Latest update December 3rd, 2024 1:00 AM
Jan 24, 2015 News
Emergency rooms function as a public “safety net,” providing care to patients who have unexpected illness or injury that may result in death, disability, or severe pain if not cared for immediately. Unfortunately, emergency rooms worldwide are now being faced with the ever-increasing challenge of overcrowding.
Overcrowding in an emergency room (ER) occurs when there is an extreme volume of patients in ER treatment areas, forcing the ER to operate beyond its capacity. This puts an added level of workload and responsibility on ER staff that is now expected to work beyond their usual level of capacity.
HOW DOES OVERCROWDING OCCUR?
This phenomenon is a reflection of the capacity of the hospitals since overcrowding in the emergency rooms means that bed capacities of the hospitals
have been maximized. As a result, admitted patients are kept in the ER until space becomes available on wards. The ER staff is expected to continue to provide care for incoming patients and the bedded admitted patients. The main cause of overcrowding is the increase in patient presentations to a particular hospital. Every hospital has a capacity limit and when this is over-utilized, overcrowding will occur. Patients tend to seek care at ER where they feel care is best. Their condition may not be a medical emergency, but in their minds it is and it warrants care at an ER of their choice. There is a new trend to “go to the ER once you are sick”. It is not always warranted since ERs are designed for true medical emergencies. Outpatient medical centres are designed for non-urgent medical care but are often not utilized to their maximum.
WHAT HAPPENS TO THE PATIENTS?
It’s very unfortunate that patients have to be exposed to the overcrowding in ERs. They may be admitted for days in an ER awaiting care but will receive their medical treatment in the interim. Since the ER is crowded with admitted patients, the incoming patients may face delay in care while the ER staff rearranges resources to accommodate their needs. The BBC health report on January 23 2015 highlights the effect of overcrowding on patient times in the UK. Although they have managed to decrease patient waiting times to 4 hours in the UK, they have still not achieved their target because of the overcrowding.
ARE THERE SOLUTIONS FOR THE OVERCROWDING?

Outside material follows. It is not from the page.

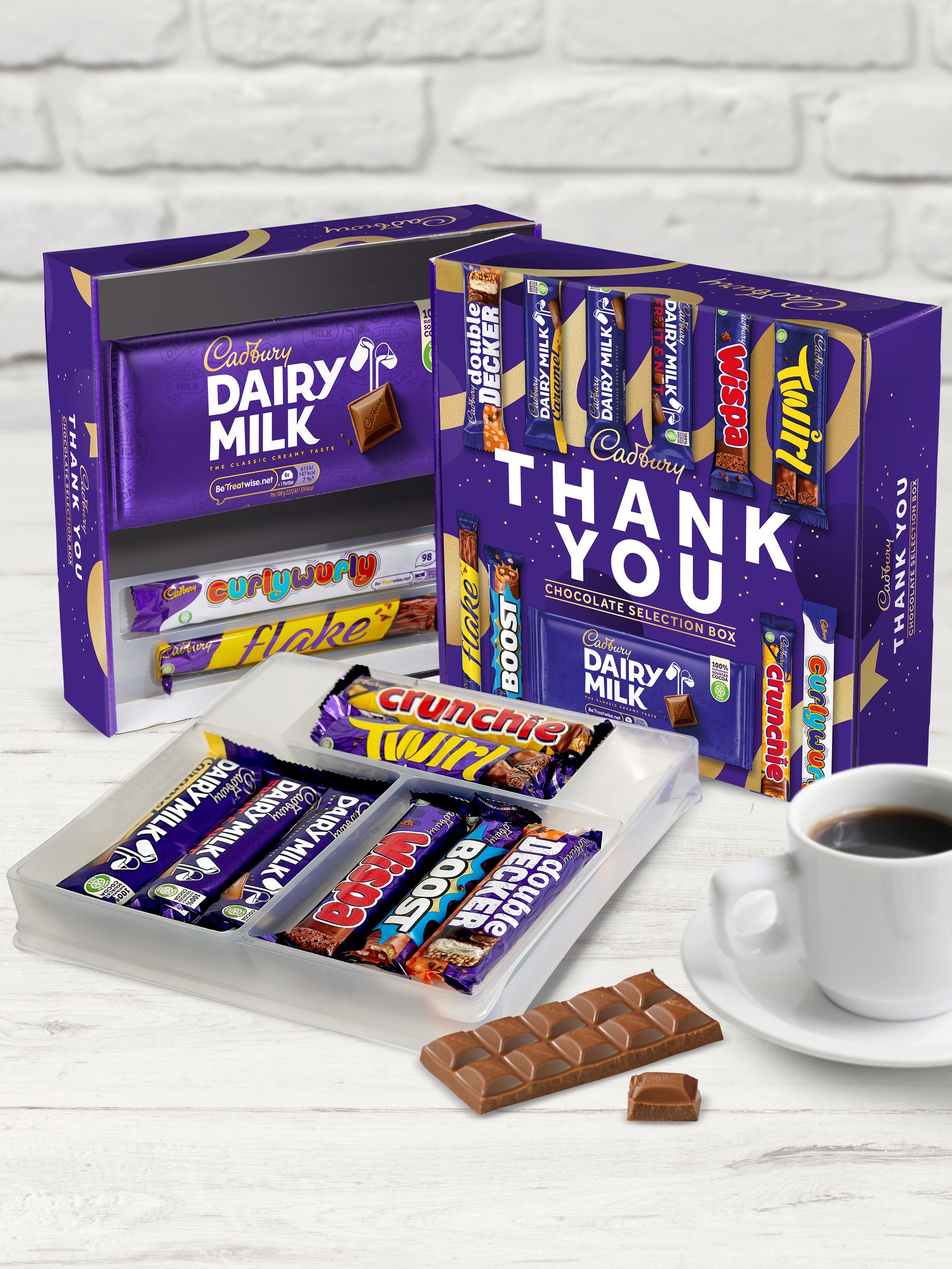 Thank You Double Deck Selection Box contains 1 x Cadbury Dairy Milk Chocolate Bar 110g, 1 x Cadbury Dairy Milk Chocolate Bar 45g, 1 x Cadbury Dairy Milk Caramel Bar 45g, 1 x Cadbury Dairy Milk Fruit & Nut Bar 49g, 1 x Cadbury Crunchie Bar 40g, 1 x Cadbury Twirl Bar 43g, 1 x Cadbury Flake Bar 32g, 1 x Cadbury Curly Wurly Bar 21.5g, 1 x Cadbury Wispa Bar 36g, 1 x Cadbury Boost Bar 48.5g and 1 x Cadbury Double Decker Bar 54.5g.

The obvious solution that may come to mind is to continue to build more hospitals. The reality is that it is not the most resource efficient solution.
Studies have found that solutions such as activating a full capacity/surge plan for overcrowding, educating the public about hospital utilization, triaging patients to appropriate centres and providing care to only emergencies, expanding the hospital and ER capacity, improving primary health care which will decrease the disease burden and implementing early discharge plan for patients, can help to minimize overcrowding in the ER.
These are solutions that need multidisciplinary support before they can be implemented and may need modification to suit the individual needs of the respective institution.
THANK YOU TO THE GPHC ACCIDENT & EMERGENCY STAFF
Similar to what is occurring worldwide, The Accident & Emergency Department of the Georgetown Public Hospital Corporation (GPHC A&E) is faced with the daily challenge of overcrowding. The staffers of this emergency room work tirelessly and often go beyond their means to ensure that medical care is delivered to each patient that is in the ER. They are not perfect, but then again none of us are. What makes me proud of them is their ability to save all the lives they have saved and their will to keep trying to improve on their imperfections. I thank each and every team member of the GPHC A&E and wish to remind them “what you do matters, and what matters is what you should always do.
(Dr Zulfikar Bux is an Assistant Professor of Emergency Medicine at the Vanderbilt University and Medical Center and holds the position of Head of the Georgetown Public Hospital’s Accident and Emergency Department.)